Try it
Give the listing again word for word, excluding the pictures it contains.

Given information
+===+
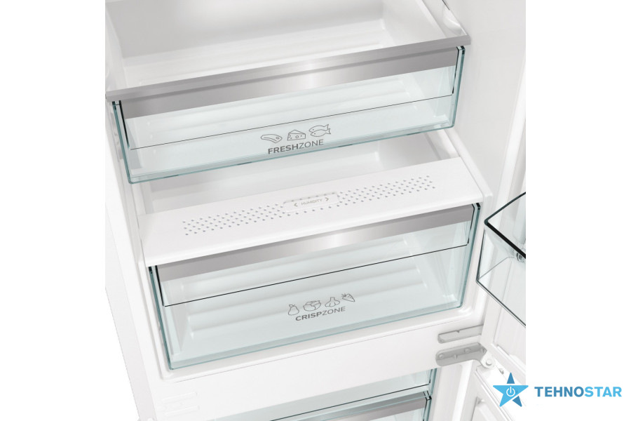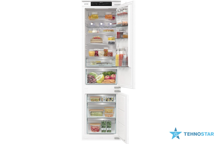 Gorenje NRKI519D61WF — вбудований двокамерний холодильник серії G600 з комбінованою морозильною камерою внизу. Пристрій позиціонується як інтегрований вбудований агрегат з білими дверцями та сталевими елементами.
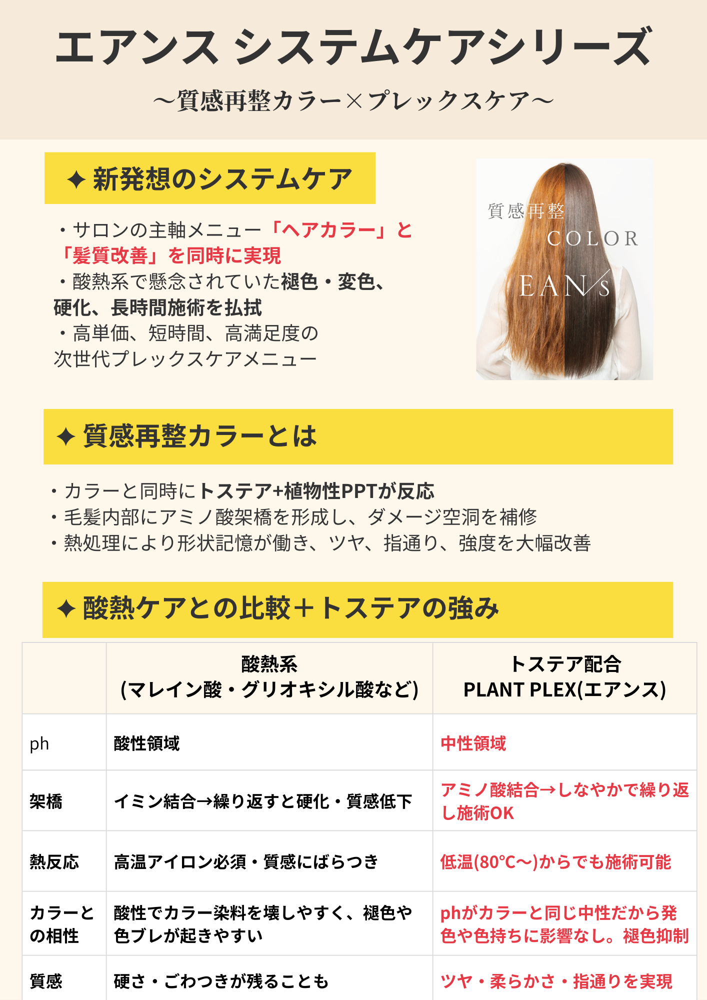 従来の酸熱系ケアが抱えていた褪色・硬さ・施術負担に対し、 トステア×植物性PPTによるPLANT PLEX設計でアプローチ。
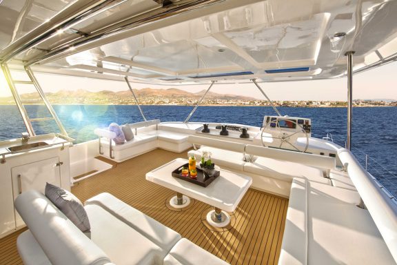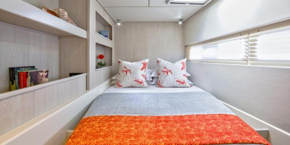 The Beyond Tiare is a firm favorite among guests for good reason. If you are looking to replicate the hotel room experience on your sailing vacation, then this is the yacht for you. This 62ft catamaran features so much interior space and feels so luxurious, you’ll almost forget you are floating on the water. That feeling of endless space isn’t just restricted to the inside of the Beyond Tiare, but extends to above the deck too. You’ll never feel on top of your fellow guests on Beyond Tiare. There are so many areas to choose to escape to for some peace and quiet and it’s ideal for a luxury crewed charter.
+===+
Task solution
 Gorenje NRKI519D61WF — вбудований двокамерний холодильник серії G600 з комбінованою морозильною камерою внизу. Пристрій позиціонується як інтегрований вбудований агрегат з білими дверцями та сталевими елементами.
 従来の酸熱系ケアが抱えていた褪色・硬さ・施術負担に対し、 トステア×植物性PPTによるPLANT PLEX設計でアプローチ。
 The Beyond Tiare is a firm favorite among guests for good reason. If you are looking to replicate the hotel room experience on your sailing vacation, then this is the yacht for you. This 62ft catamaran features so much interior space and feels so luxurious, you’ll almost forget you are floating on the water. That feeling of endless space isn’t just restricted to the inside of the Beyond Tiare, but extends to above the deck too. You’ll never feel on top of your fellow guests on Beyond Tiare. There are so many areas to choose to escape to for some peace and quiet and it’s ideal for a luxury crewed charter.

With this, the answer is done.